# does Thryro-gold or other OTC products work



## newyearforme (Sep 30, 2012)

I was reading on Stop the Madness they mention ********** and Thyro-gold as possible OTC products you can take (it says you may need to take more since it's OTC I guess). I KNOW I have hypothyroid based on all my symptoms and goiter (and family history), but dont yet have the lab work. My doctor wont see me for a week and he's not the best (but I dont have insurance so I'm stuck). I am just so incredibly miserable, I cannot wait a week. My goiter is twice as big as it was. Does anyone think these products could help in the meantime, until I hopefully get something else figured out? I'm so lost I dont know what else to do, I cry every day.


----------



## Octavia (Aug 1, 2011)

If you have not had your labwork done yet, definitely avoid taking ANYTHING that could skew your labs!!! Have you had the labwork done yet?


----------



## newyearforme (Sep 30, 2012)

Oh yes the lab work is done. It's just going to be a week before the doctor sees me. I'm so miserable I wanted to see if there was something I could take to get relief. The stop-the-maddness site says these products are okay but I dont know enough to know for sure.


----------



## Octavia (Aug 1, 2011)

Okay...and I guess you can't get anywhere over the phone?

Honestly, I don't know enough about (or have any experience with) over-the-counter products to advocate for or against them. I'm innately biased against them, but I understand your desperation. One risk you run is, what if the doctor wants more tests? Could an OTC product change the result? (In theory, if it does what it claims to do, it would change lab results, would it not?)

I can understand that you're miserable...really I can. And unfortunately, even best-case scenario, if you end up being diagnosed hypo, it could still be weeks before you start to feel better on the meds. There's just not a quick fix, OTC or prescription, unfortunately.


----------



## newyearforme (Sep 30, 2012)

well thanks for your perspective.That's what I'm reading; that it will take some time for any medication to work. I had a dog that had an underactive thyroid and when I put him on the thyroid medicine, his coat got shiney in two days - it was incredible. I could tell when I had skipped a couple days by the shine in his coat. I guess humans aren't that receptive to it or something! 
I'm mostly concerned about how fast this goiter is growing; if they could put my mind at ease over that, I could hang in there. I just found out I'm going to be a grandmother and I want to make sure I am here to be there for my daughter and grandchild.


----------



## joplin1975 (Jul 21, 2011)

I, too, am biased against those OTC supplements, etc. I think until you get this all sorted out and have exhausted all your medical options, it's a risky little gamble to start messing with those.

I appreciate you are miserable...boy do I ever...had an extremely high TSH for over six weeks and it was miserable. But, keep in mind, this thyroid stuff takes a long time and patience is the key.


----------



## Andros (Aug 26, 2009)

newyearforme said:


> well thanks for your perspective.That's what I'm reading; that it will take some time for any medication to work. I had a dog that had an underactive thyroid and when I put him on the thyroid medicine, his coat got shiney in two days - it was incredible. I could tell when I had skipped a couple days by the shine in his coat. I guess humans aren't that receptive to it or something!
> I'm mostly concerned about how fast this goiter is growing; if they could put my mind at ease over that, I could hang in there. I just found out I'm going to be a grandmother and I want to make sure I am here to be there for my daughter and grandchild.


Hang on until you get your lab results. When you post them, we will need the ranges as well.

Many of us here can empathize deeply with what you are going through. I would advise against taking anything OTC.


----------



## CA-Lynn (Apr 29, 2010)

I have nothing but bad things to say about OTC supplements.
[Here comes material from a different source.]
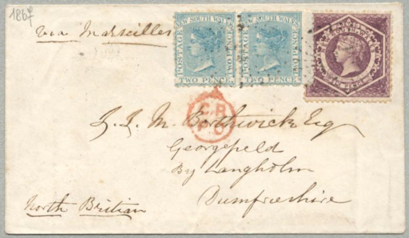 Automatisch generierte Übersetzung: 1866,2d + 2d + 6d, auf Brief von HINTON zu LONGHOLM/DUMFRIESSHIRE/Schottland, gestempelt mit schwarz Stern bersten, beiseite rot CBPO, handschriftlich über MARSEILLES, rückseitig mit HINTON nein 23 1866, Transit SYDNEY und Ankunft LANGHOLM JA 11 1867, ex Provera, schöne Brief, VF-XF! Schätzpreis 400 EUR.(Image)

If for no other reason, you should not take them because you have no idea how they will react to the drugs your doctor gives you. [You will have residual supplement in your system.]

Do yourself a favor and just hang tight until you see the doctor. Absolutely no sense in starting with complications from the get-go.


----------



## CA-Lynn (Apr 29, 2010)

Dog had a shiny coat in two days? Could have been a lot of reasons for that. I wouldn't be too quick to credit the supplement or drug.


----------



## Andros (Aug 26, 2009)

newyearforme said:


> I was reading on Stop the Madness they mention ********** and Thyro-gold as possible OTC products you can take (it says you may need to take more since it's OTC I guess). I KNOW I have hypothyroid based on all my symptoms and goiter (and family history), but dont yet have the lab work. My doctor wont see me for a week and he's not the best (but I dont have insurance so I'm stuck). I am just so incredibly miserable, I cannot wait a week. My goiter is twice as big as it was. Does anyone think these products could help in the meantime, until I hopefully get something else figured out? I'm so lost I dont know what else to do, I cry every day.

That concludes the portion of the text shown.